Question

Find the vector equation of the plane that contains the lines $\overrightarrow{r}=\left(\hat{i}+\hat{j}\right)+\lambda \left(\hat{i}+2\hat{j}-\hat{k}\right)$ and the point (-1, 3, -4). Also, find the length of the perpendicular drawn from the point (2, 1, 4) to the plane, thus obtained.

Answer 1

Given line $\overrightarrow{r}=\left(\hat{i}+\hat{j}\right)+\lambda \left(\hat{i}+2\hat{j}-\hat{k}\right)$ passes through (1,1,0) and is parallel to the vector $\hat{i}+2\hat{j}-\hat{k}$

i.e. The given plane passes through (1,1,0) and B(−1, 3, −4) and is parallel to $\overrightarrow{b}=\overrightarrow{c}+2\hat{j}-\hat{k}$

Let $\overrightarrow{n}$ be the normal vector to the required plane.

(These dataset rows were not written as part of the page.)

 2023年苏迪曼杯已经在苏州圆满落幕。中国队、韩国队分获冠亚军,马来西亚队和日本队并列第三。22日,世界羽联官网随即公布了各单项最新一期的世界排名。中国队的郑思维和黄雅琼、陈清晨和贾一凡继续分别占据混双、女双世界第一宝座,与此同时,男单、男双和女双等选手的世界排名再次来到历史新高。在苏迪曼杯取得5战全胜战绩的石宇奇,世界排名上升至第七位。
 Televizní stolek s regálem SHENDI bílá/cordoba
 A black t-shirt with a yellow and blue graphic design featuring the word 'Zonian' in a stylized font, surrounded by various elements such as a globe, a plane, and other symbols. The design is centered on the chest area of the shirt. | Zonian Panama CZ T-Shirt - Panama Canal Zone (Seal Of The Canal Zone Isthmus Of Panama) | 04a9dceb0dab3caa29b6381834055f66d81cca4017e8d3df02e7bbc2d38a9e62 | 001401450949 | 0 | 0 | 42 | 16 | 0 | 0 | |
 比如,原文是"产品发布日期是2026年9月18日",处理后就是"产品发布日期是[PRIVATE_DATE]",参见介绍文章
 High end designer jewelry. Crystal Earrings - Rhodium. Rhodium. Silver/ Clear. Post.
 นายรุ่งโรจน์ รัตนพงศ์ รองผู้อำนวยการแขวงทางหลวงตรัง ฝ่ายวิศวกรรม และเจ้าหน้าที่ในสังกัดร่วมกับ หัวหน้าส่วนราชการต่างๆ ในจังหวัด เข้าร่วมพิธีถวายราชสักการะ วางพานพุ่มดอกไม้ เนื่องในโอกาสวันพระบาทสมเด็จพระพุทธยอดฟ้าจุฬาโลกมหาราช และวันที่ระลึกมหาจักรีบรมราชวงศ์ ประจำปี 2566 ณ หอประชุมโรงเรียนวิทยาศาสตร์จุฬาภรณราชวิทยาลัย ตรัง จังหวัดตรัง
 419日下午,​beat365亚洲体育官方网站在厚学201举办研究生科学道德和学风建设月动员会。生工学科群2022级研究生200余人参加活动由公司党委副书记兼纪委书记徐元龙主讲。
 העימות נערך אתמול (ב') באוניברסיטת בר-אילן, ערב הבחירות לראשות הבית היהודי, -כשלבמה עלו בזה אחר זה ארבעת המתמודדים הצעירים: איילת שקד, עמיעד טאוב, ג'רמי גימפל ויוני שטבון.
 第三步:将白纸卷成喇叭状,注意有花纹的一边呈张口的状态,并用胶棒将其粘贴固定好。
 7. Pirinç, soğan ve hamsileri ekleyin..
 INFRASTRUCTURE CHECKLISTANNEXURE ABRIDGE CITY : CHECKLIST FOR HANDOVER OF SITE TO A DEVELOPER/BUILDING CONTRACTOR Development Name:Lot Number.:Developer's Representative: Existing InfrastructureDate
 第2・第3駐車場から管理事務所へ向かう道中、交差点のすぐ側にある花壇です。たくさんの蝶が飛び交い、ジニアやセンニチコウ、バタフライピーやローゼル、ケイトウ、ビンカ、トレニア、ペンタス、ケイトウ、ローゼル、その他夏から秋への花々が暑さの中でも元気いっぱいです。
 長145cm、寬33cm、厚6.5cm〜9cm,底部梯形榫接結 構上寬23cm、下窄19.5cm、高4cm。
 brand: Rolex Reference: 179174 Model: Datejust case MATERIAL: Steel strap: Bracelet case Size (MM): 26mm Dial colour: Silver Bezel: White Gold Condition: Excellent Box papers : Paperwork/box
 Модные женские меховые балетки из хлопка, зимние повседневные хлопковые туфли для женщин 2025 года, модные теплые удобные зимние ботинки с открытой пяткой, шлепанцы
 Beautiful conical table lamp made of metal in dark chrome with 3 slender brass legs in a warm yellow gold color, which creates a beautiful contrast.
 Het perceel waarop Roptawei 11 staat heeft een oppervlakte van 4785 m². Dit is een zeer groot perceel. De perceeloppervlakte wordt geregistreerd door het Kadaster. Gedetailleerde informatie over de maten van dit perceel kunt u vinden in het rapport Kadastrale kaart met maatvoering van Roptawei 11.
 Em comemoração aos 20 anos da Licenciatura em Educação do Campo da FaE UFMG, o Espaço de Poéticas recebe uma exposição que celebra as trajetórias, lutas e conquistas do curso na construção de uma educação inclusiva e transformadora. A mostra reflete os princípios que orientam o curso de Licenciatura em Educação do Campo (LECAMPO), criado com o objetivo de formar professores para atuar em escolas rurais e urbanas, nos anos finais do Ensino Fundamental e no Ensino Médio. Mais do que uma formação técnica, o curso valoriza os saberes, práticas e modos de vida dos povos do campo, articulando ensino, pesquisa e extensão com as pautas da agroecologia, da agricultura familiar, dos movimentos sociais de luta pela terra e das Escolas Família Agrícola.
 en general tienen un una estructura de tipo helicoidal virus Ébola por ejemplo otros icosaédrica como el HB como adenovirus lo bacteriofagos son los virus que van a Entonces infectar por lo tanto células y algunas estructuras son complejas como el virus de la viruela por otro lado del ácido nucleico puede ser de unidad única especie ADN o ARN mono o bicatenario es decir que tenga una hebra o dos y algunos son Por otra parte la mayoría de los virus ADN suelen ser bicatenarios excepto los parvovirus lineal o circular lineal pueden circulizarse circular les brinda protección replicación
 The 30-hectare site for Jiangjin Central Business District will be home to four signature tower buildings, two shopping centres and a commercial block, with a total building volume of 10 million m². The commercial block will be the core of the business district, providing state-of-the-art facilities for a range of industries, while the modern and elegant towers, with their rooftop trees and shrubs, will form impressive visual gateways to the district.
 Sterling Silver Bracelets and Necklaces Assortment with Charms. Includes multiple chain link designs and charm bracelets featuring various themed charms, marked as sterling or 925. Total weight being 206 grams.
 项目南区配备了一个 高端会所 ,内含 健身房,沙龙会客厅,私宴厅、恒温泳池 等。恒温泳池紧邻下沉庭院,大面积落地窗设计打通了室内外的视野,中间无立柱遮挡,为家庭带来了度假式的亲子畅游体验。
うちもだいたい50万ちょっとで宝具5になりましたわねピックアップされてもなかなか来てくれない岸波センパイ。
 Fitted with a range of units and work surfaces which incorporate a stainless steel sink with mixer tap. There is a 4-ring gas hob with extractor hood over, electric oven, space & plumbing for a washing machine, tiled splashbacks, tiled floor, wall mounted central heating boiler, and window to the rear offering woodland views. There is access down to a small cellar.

Then $\overrightarrow{n}$ is perpendicular to both $\overrightarrow{b}\mathrm{and}\overrightarrow{AB}$

i.e. $\overrightarrow{n}$ is parallel to $\overrightarrow{AB}\times \overrightarrow{B}$
$$\begin{gathered} \mathrm{Let}{\overrightarrow{n}}_1=\overrightarrow{AB}\times \overrightarrow{b} \\ \mathrm{then}{\overrightarrow{n}}_1=\left|\begin{array}{ccc}\hat{i}& \hat{j}& \hat{k}\\ -2& 2& -4\\ 1& 2& -1\end{array}\right| \\ =\hat{i}\left(-2+8\right)-\hat{j}\left(2+4\right)+R\left(-4-2\right) \\ {\overrightarrow{n}}_1=6\hat{i}-6\hat{j}-6\hat{k} \\ \mathrm{Let}\overrightarrow{\alpha }\mathrm{be}\mathrm{position}\mathrm{vector}\mathrm{of}A\mathrm{i}.\mathrm{e}.\overrightarrow{\alpha }=\hat{i}+\hat{j} \end{gathered}$$

Then the required plane passes through $\overrightarrow{\alpha }=\hat{i}+\hat{j}$ and is perpendicular to ${\overrightarrow{n}}_1=6\hat{i}-6\hat{j}-6\hat{k}$
So, its vector equation is
$$\begin{gathered} \left(\overrightarrow{r}-\overrightarrow{\alpha }\right).{\overrightarrow{n}}_1=0 \\ \mathrm{i}.\mathrm{e}.\overrightarrow{r}.{\overrightarrow{n}}_1=\overrightarrow{\alpha }.{\overrightarrow{n}}_1 \\ \mathrm{i}.\mathrm{e}.\overrightarrow{r}.\left(6\hat{i}-6\hat{j}-6\hat{k}\right)=\left(\hat{i}+\hat{j}\right).\left(6\hat{i}-6\hat{j}-6\hat{k}\right) \\ \overrightarrow{r}.\left(6\hat{i}-6\hat{j}-6\hat{k}\right)=6-6=0 \\ \mathrm{i}.\mathrm{e}.\overrightarrow{r}.\left(\hat{i}-\hat{j}-\hat{k}\right)=0 \\ \mathrm{for}\overrightarrow{r}=x\hat{i}+y\hat{j}+z\hat{k} \end{gathered}$$
Equation of plane is x – y – z = 0
The length of perpendicular form (2, 1, 4) to plane x – y – z = 0 is
$$\begin{gathered} d=\frac{\left|\left(2\hat{i}+\hat{j}+4\hat{k}\right).\left(\hat{i}-\hat{j}-\hat{k}\right)\right|}{\sqrt{{\left(1\right)}^2+{\left(-1\right)}^2+{\left(-1\right)}^2}}=\frac{\left|2-1-4\right|}{\sqrt{3}} \\ =\frac{3}{\sqrt{3}}=\sqrt{3} \\ \mathrm{i}.\mathrm{e}.d=\sqrt{3} \end{gathered}$$